Termin – Detailansicht
Master-Vortrag: Investigations on Generative Models for Head-Related Transfer Functions
Serhat Kurt
Donnerstag, 21. Mai 2026
11:15 Uhr
IKS 4G | zoom
Head-Related Transfer Functions (HRTFs) are fundamental for binaural hearing and sound localization. They depend heavily on both the source position and the unique physical characteristics of the subject. To realize immersive spatial audio applications, accurate models of a subject’s HRTFs are required. However, measuring HRTFs in a laboratory setting remains challenging due to the requirement for complex, specialized setups. Consequently, deep generative models offer a promising alternative for finding the HRTF of a subject.

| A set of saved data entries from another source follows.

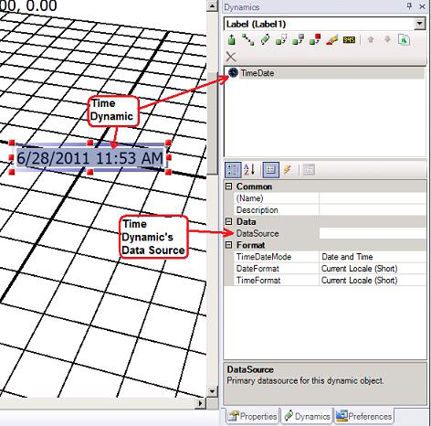 Time object shows the system clock unless you supply an alternate data source. You can use the Time dynamic’s DataSource property to assign any appropriate time/date OPC tag to display in the label as well as do time/date arithmetic. -
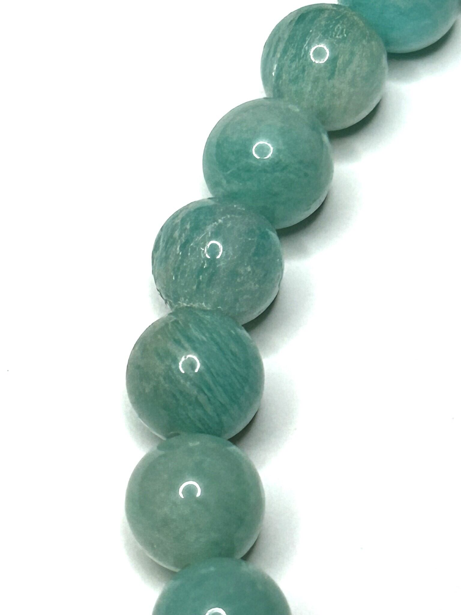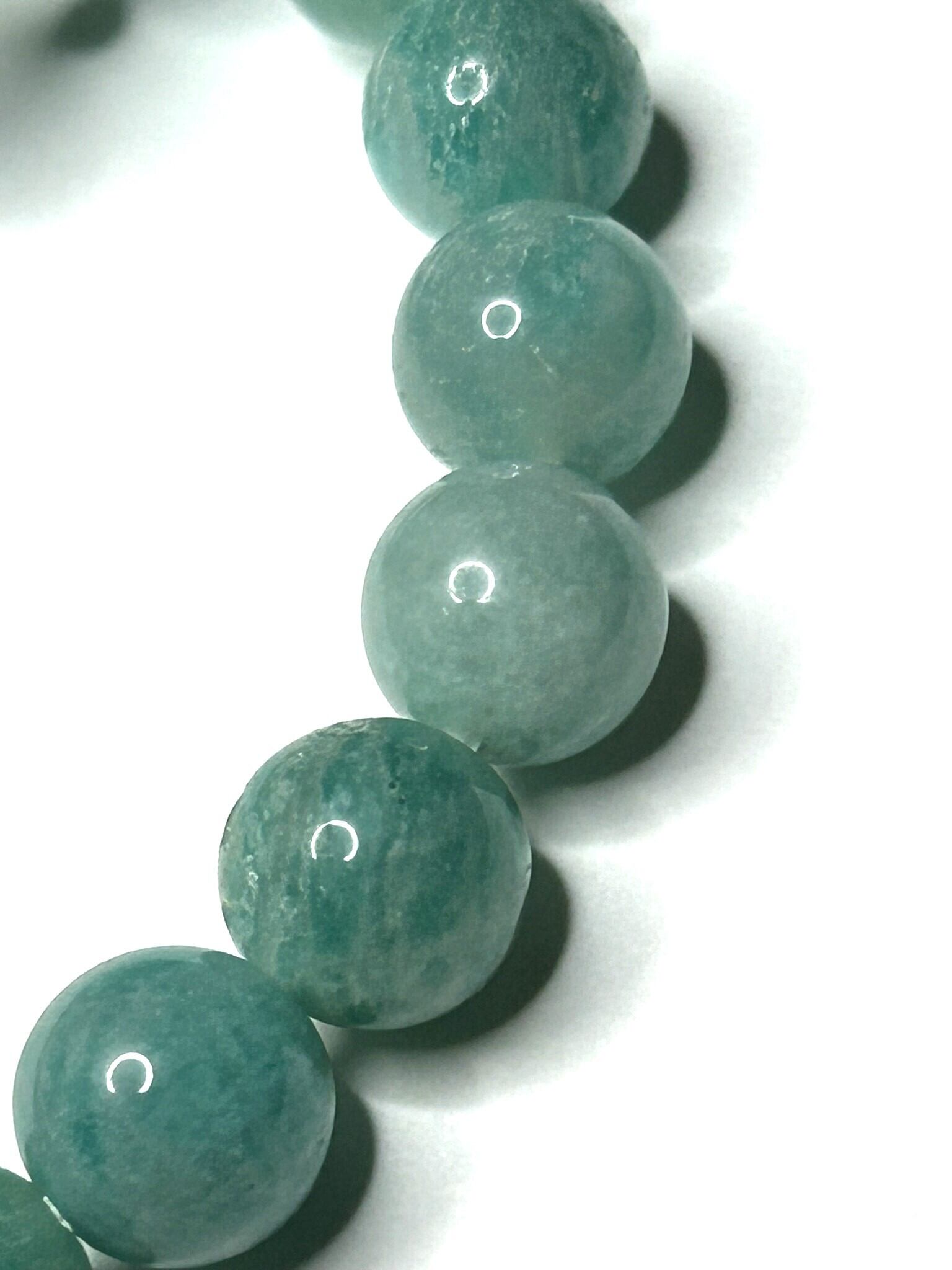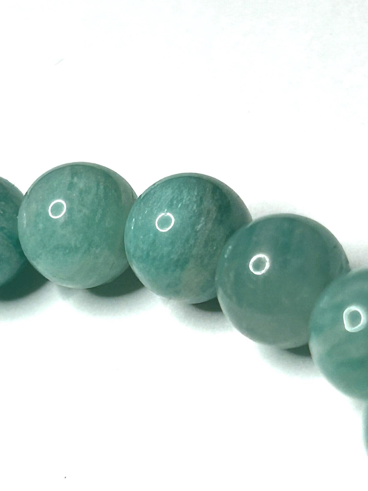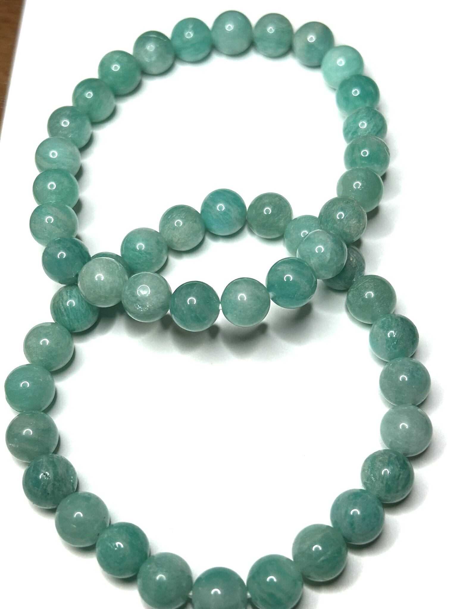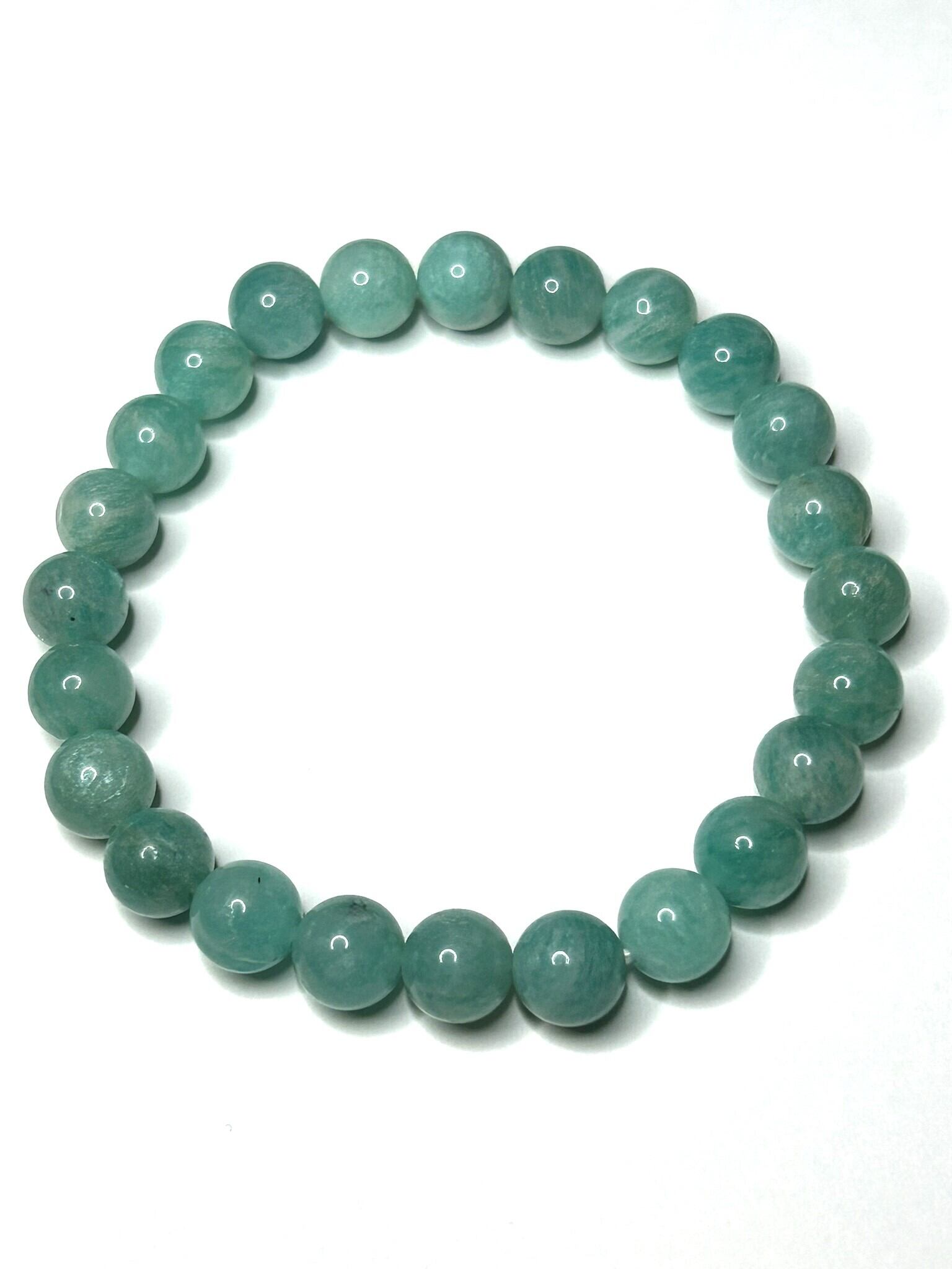 鮮やかな青緑色に白い縞模様が人気の天河石、アマゾナイトのブレスレットです。
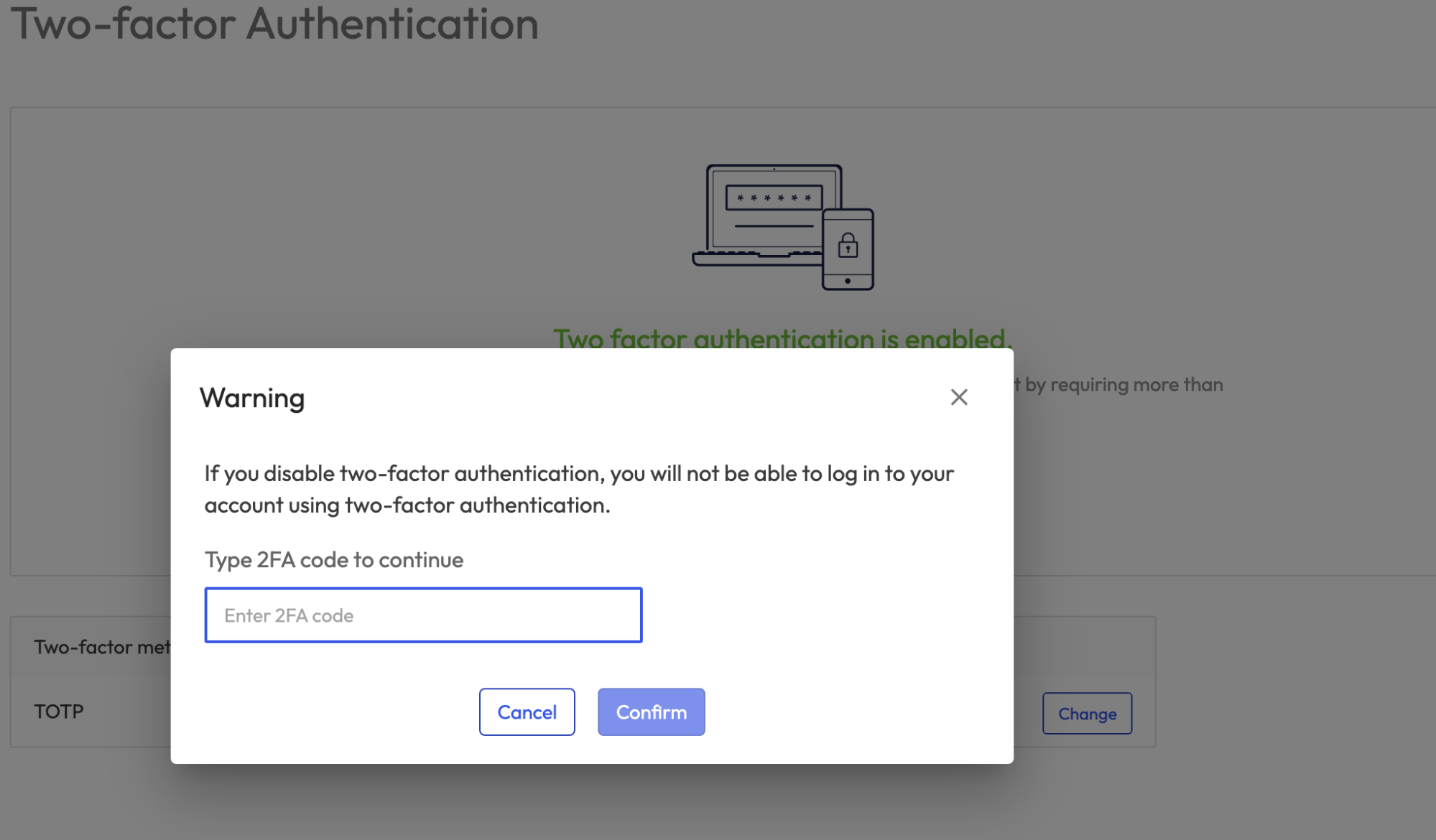 Once 2FA is enabled, an additional OTP (One-Time-Password) will be required for subsequent login operations.
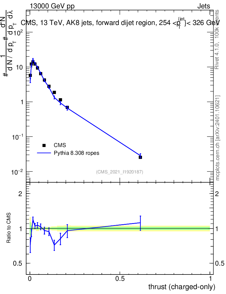 Lines: data, pythia8 8.308 ropes |
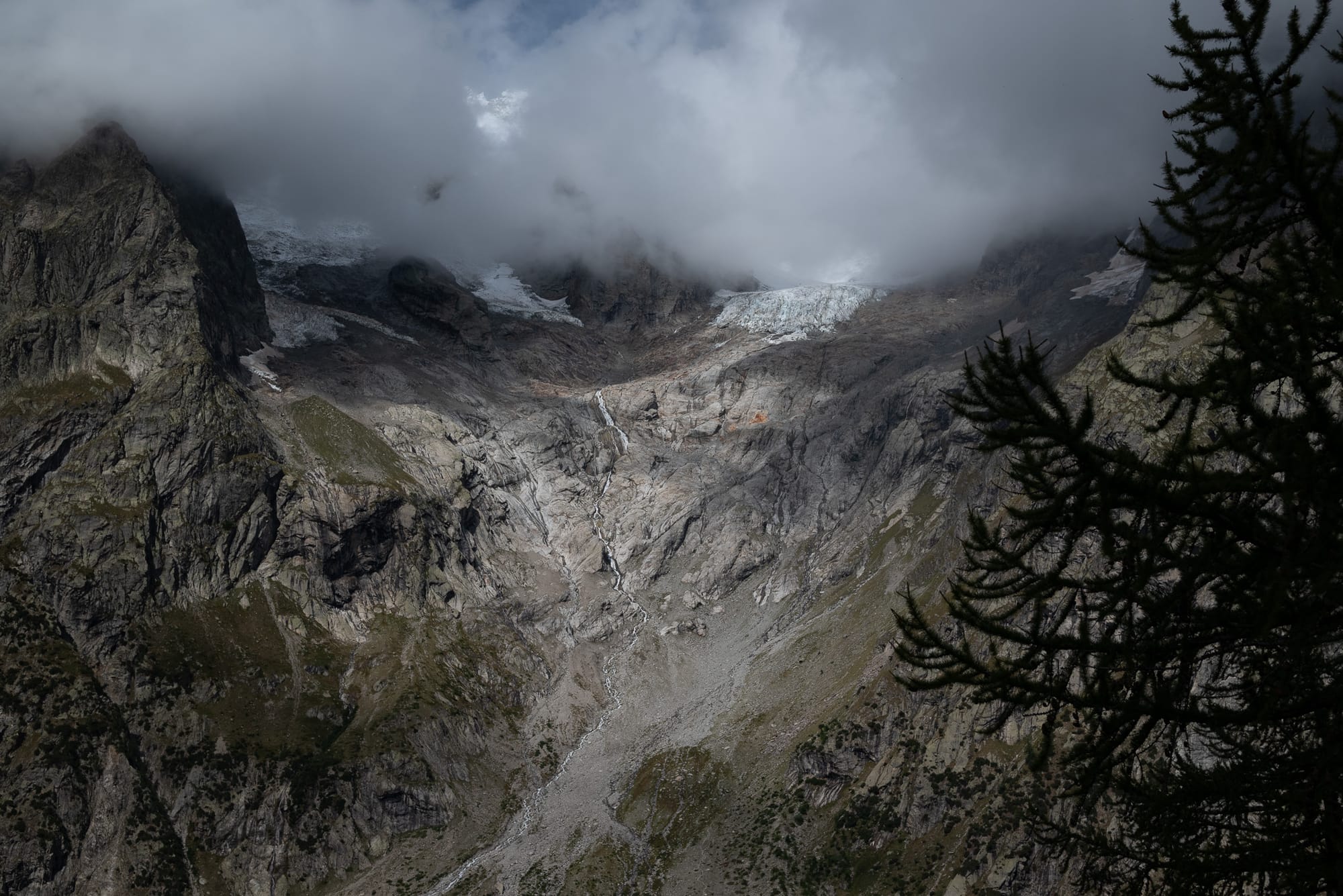 Na poni偶szej fotce (po lewej) mo偶ecie zobaczy膰, jak to si臋 Monte Bianco skitra艂o w chmurze. Z braku laku obr贸ci艂em obiektyw w lewo i sfoci艂em to, co tam by艂o.
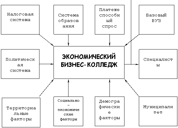 Как я уже говорила, за систему в данной контрольной работе я приняла Экономический бизнес-колледж г.Москвы (ЭБК). На организацию (систему) находящуюся как в рентабельном так и нерентабельном состоянии (в данном случае в рентабельном) влияют многие внешние факторы, которые в понятиях рыночной экономики называют «макроокружением», а с точки зрения ТО и СА – внешней средой.
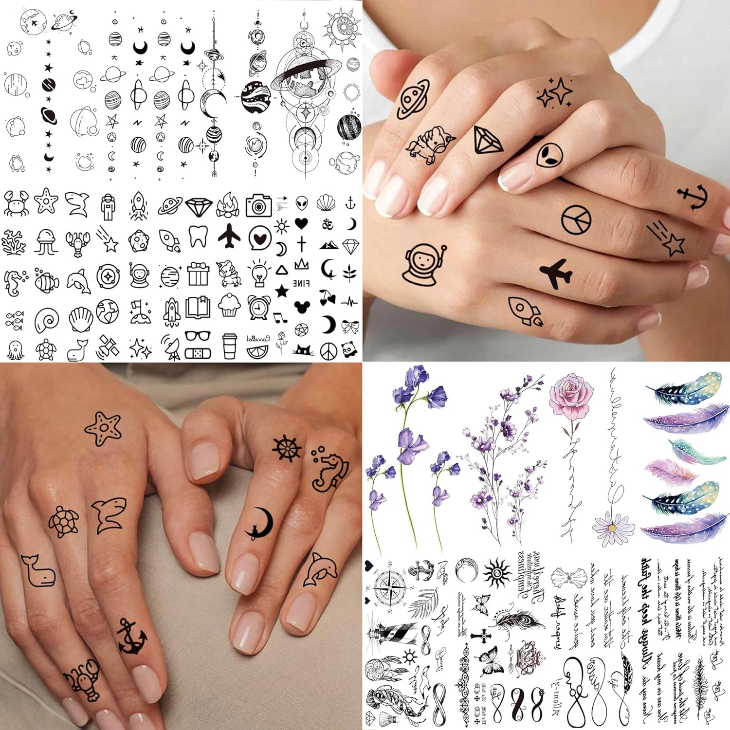 - 🍷Easy Application And Long Lasting🍸 Water Transfer Black Tattoos Paste Is Easy To Use. To Apply Variety Kids Tattoos Temporary On Skin By Wet It With Water And Wait For 20-30 Second. Waterproof Temporary Tatoos For Women Girls Are Disposable Durable And Long Lasting On Body For 4-7 Days But Removal Washable Very Easy To Remove By Rub It With Makeup Remover Oil Or Alcohol. Tattos Design Planets Sun Moon Star Snake Sunflower Feather Birds Sea Weave Universe Elephant infinity Letters.

In this thesis, we develop a generative model for HRTFs based on a Conditional Variational Autoencoder (C-VAE). The main idea is that, since HRTFs depend on both subject characteristics and the Direction of Arrival (DoA), if we explicitly provide the DoA information to the generative model, it should only encode the subject characteristics in the latent space. To enhance this model, we propose an adversarial training pipeline to obtain latent representations that are independent of the DoA. The entire pipeline consists of two fundamental models: a C-VAE and a discriminator network. This idea is inspired by Generative Adversarial Networks (GANs).
The discriminator network is trained to reconstruct the DoA from the latent space representations. Conversely, the C-VAE is designed to accurately reconstruct HRTFs from the latent space while maximizing the discriminator’s error. Joint training of both networks enables the correct reconstruction of the HRTF while ensuring that the latent representations are independent of the DoA.
This research consists of the optimization and evaluation of the C-VAE and the discriminator networks. Experiments were conducted on the SONICOM dataset. The results demonstrate the efficacy of the proposed methodology, as the Mutual Information (MI) between the latent representations and the DoA is significantly reduced through adversarial training compared to models trained without adversarial guidance.